Using batching allows having a somewhat low and stable memory footprint while reducing network overhead. With batching, I select rows 100 by 100 (or 1000 by 100, or whatever fits your use case) and run the migration on each batch. It might look something like this in PHP:

$batchSize = 100;

// SQL's "OFFSET" tends to be slow on large tables. A faster approach is to select rows ordered by ID
// and to set a minimum ID with a "WHERE" clause. Something like:
//
//     SELECT * FROM user WHERE id > :minimumId ORDER BY id ASC
//
// This achieves the effect of an "OFFSET" but is significantly faster.
$minimumId = 0;

do {
    $batch = getBatchOfUsersOrderedById($batchSize);
    $batchCount = count($batch);
    $minimumId = $batch[$batchCount - 1]->getId();
    if ($batchCount > 0) {
        foreach ($batch as $user) {
            // ...
        }
    }
} while ($batchCount === $batchSize);

Putting the main loop’s body inside a separate method

PHP automatically clears memory of variables that go out of scope, somewhat like what C does with its stack variables. Any variable that is created in a function is cleared once the function ends. To allow PHP to clear more memory, I put the main loop’s content inside a separate method. It looks something like this:

$batchSize = 100;
$minimumId = 0;

do {
    list($batchCount, $minimumId) = $this->runOneBatch($batchSize, $minimumId);
} while ($batchCount === $batchSize);

And in a separate method named runOneBatch:

function runOneBatch(int $batchSize, int $minimumId): array {
    $batch = getBatchOfUsersOrderedById($batchSize);
    $batchCount = count($batch);
    $minimumId = $batch[$batchCount - 1]->getId();
    if ($batchCount > 0) {
        foreach ($batch as $user) {
            // ...
        }
    }
    return [$batchCount, $minimumId];
}

Marking unused variables as collectable by garbage collection

In PHP, variables are garbage collected, which means that I usually don’t have to manage the memory they use manually. Instead, PHP handles memory management automatically. This works well most of the time. But for long-running tasks, it has its limits. Because PHP does not always know that a variable has become useless, it keeps it in memory just in case. This increases memory usage.

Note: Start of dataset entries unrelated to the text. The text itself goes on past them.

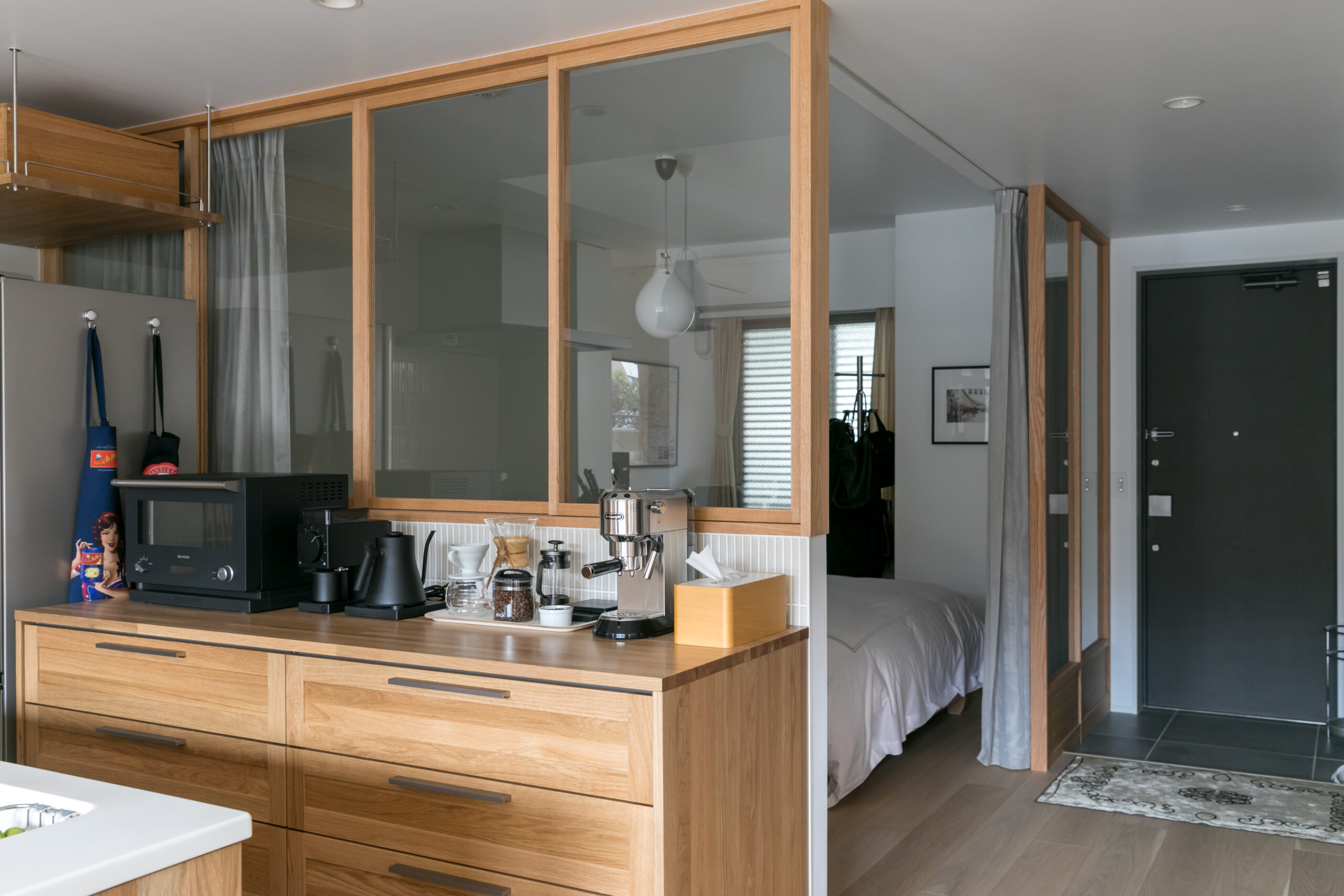 長年の悩みだった「北側の暗さ」は、キッチンと寝室の間に設けた開閉式の室内窓で解決。
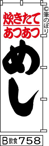 【お得な2枚セット】【送料無料】【めし】のぼり旗【キャンセル不可-12営業日以内に発送-ポスト投函】白に黒の目立つ手書き筆文字[758]
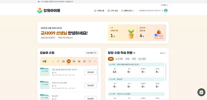 ‘강원 아이로’는 교사의 수업 준비부터 학생 맞춤형 평가, 진학 컨설팅, 행정업무 경감까지 지원하는 통합형 플랫폼이다. 특히 수업 중 통합 학습창을 활용하여 다양한 자료를 연계하고 학생 참여를 유도할 수 있으며, 수업 과정과 결과가 자동으로 기록되어 체계적인 수업 데이터 관리가 가능하다.
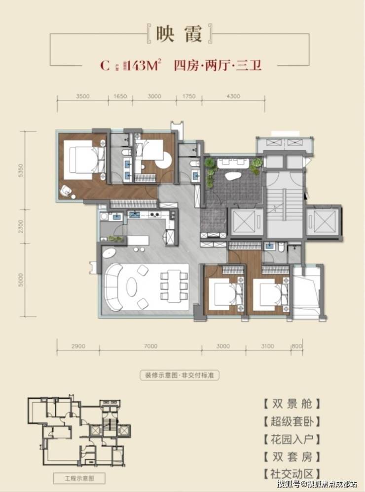 旗舰配置:独立家政间、双主卧套房,精装嵌入地暖、新风系统,实得面积超200㎡。

To tell PHP that a variable has become useless, I set it to null and unset() it:

$users = loadLotsOfUsersFromMysql();

// ... do some stuff with the users ...

$users = null;
unset($users);

Triggering garbage collection

PHP’s garbage collector uses heuristics to figure out when the best time is to remove unused variables from memory. In long-running tasks, I find it useful to manually trigger a GC cycle:

gc_collect_cycles();

Clearing Doctrine’s entity manager

Internally, Doctrine, Symfony’s ORM, keeps a reference of each entity it has loaded into memory, unless I explicitly tell it to drop the reference. To keep memory usage down, I like to clear the entity manager, which will remove references to all entities currently known to Doctrine:

/** @var \Doctrine\ORM\EntityManagerInterface $em */
$em = $this->getContainer()->get('doctrine')->getManager();
$em->clear();

SQL logging

The SQL logger of Doctrine that is enabled in Symfony by default and can be a source of memory leaks during long-lived commands. I usually disable the SQL logger in configuration or with something like this:

/** @var \Doctrine\DBAL\Connection $connection */
$connection = $this->getContainer()->get('doctrine')->getManager()->getConnection();
$connection->getConfiguration()->setSQLLogger(null);